▶ **Instructions to follow**:
Take the line that contains "建面约125㎡的三居室,对于" and every line below it to the end of the entries, and give them again exactly, leaving out any pictures.
### Data for processing ###
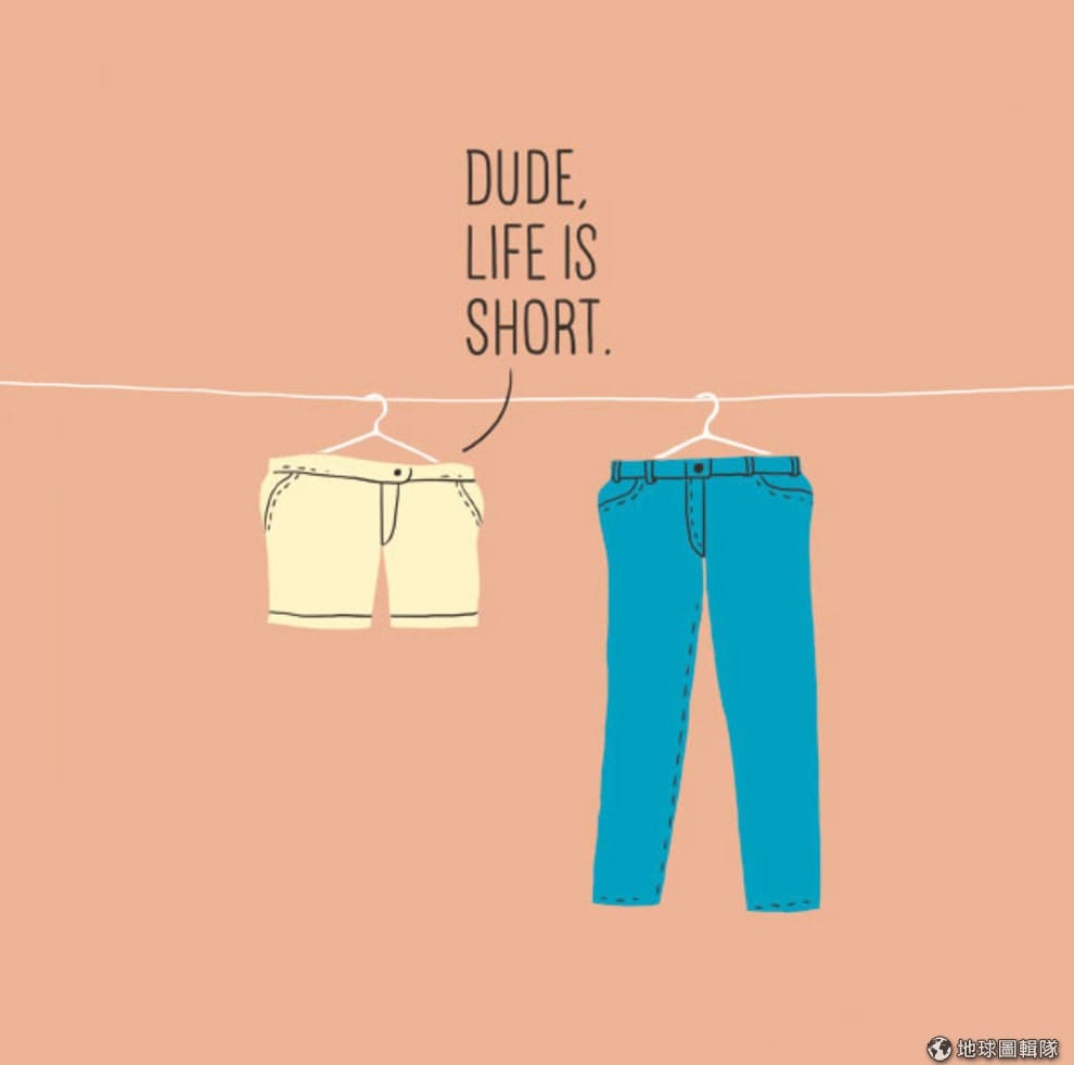 網友左邊的短褲(Short)對右邊的長褲說:「老兄,人生苦短(Dude, life is short.)。」Photo credit: 林行瑞
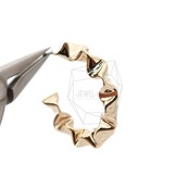 ERG-1702-G/2PCS/Wave Round Ear Post/ 33mm x 36mm/Gold Plated Over Brass,Stainless Post
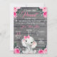 Very cute Girl Elephant/Peanut with a Pink Bow Drive By Baby Shower (celebrate in Pandemic Covid19 quarantine) with watercolor rustic pink flowers and wooden background. All fields are editable. Suitable for birthday or Baby Showers, Diaper shower,sip and see.
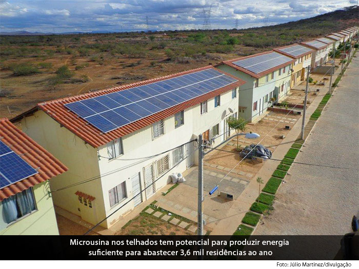 Os 9.144 painéis fotovoltaicos instalados nos telhados transformaram os condomínios Praia do Rodeadouro e Morada do Salitre, em Juazeiro, no sertão baiano, em uma microusina de energia solar com potencial para produzir 2,1 Mega Watts (MW), o suficiente para abastecer 3,6 mil domicílios em um ano.
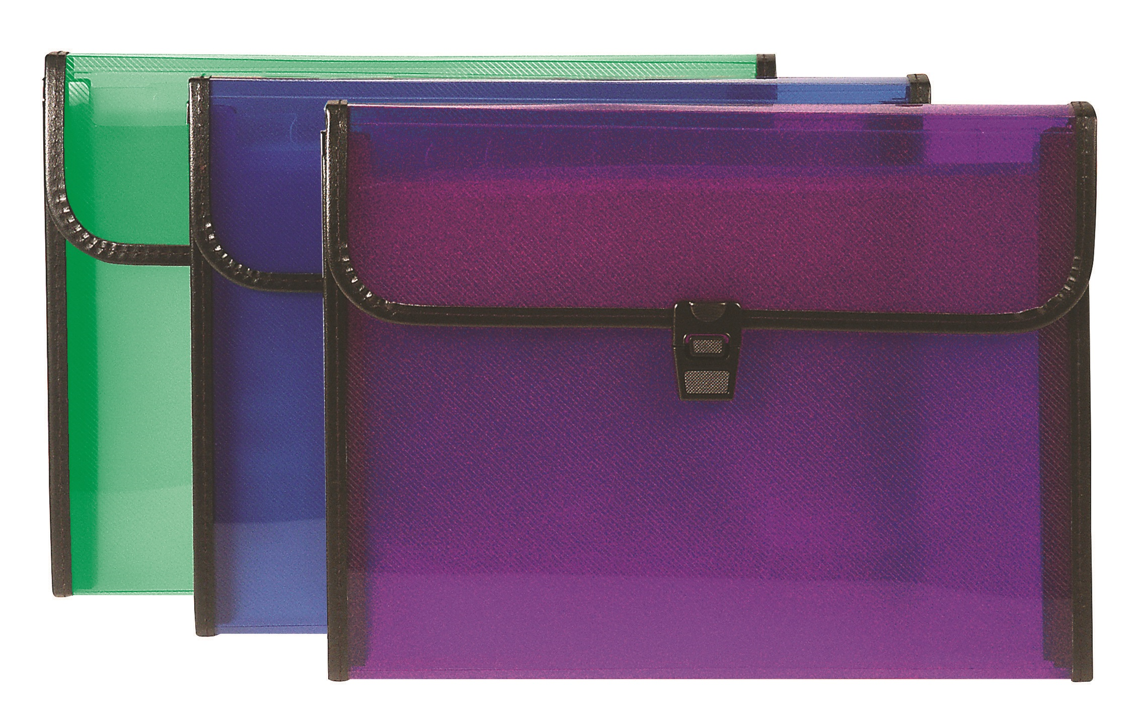 Clasificador de fuelle en polipropileno con 12 compartimentos, Formato Din A4, cierre con broche. Colores Traslúcidos
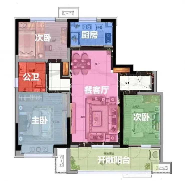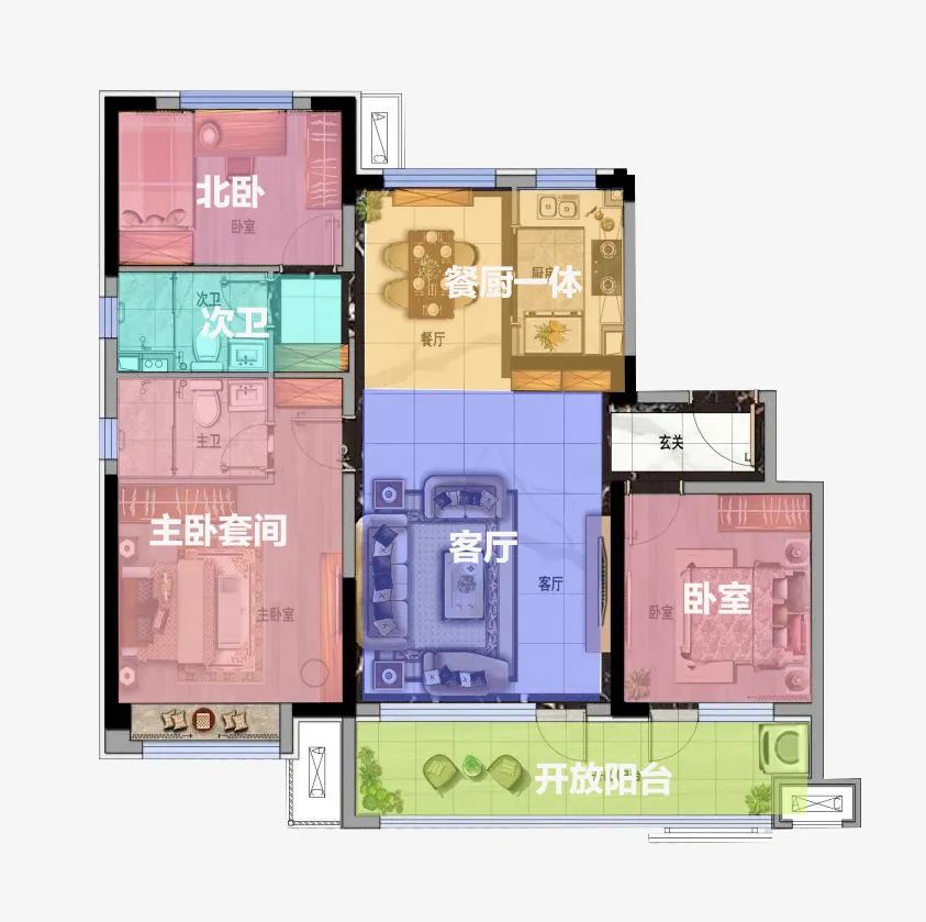 建面约125㎡的三居室,对于首次置业优先选择功能齐全、全明通透的三房户型,再合适不过了。户型不仅节省后期置换成本,也完全满足一家人共同生活的需求。
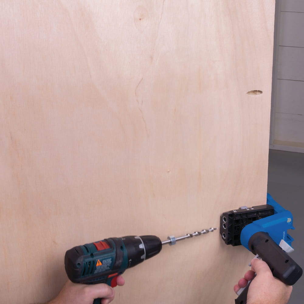 Regulowany ogranicznik głębokości zapewnia powtarzalność podczas wiercenia otworów kieszeniowych w wielu elementach o podobnej grubości. Szablon Pocket 520PRO może być używany na stole warsztatowym lub ze względu na swoją elastyczność bezpośrednio na obrabianym przedmiocie.
###
▶ **Response to the task**:
 建面约125㎡的三居室,对于首次置业优先选择功能齐全、全明通透的三房户型,再合适不过了。户型不仅节省后期置换成本,也完全满足一家人共同生活的需求。
 Regulowany ogranicznik głębokości zapewnia powtarzalność podczas wiercenia otworów kieszeniowych w wielu elementach o podobnej grubości. Szablon Pocket 520PRO może być używany na stole warsztatowym lub ze względu na swoją elastyczność bezpośrednio na obrabianym przedmiocie.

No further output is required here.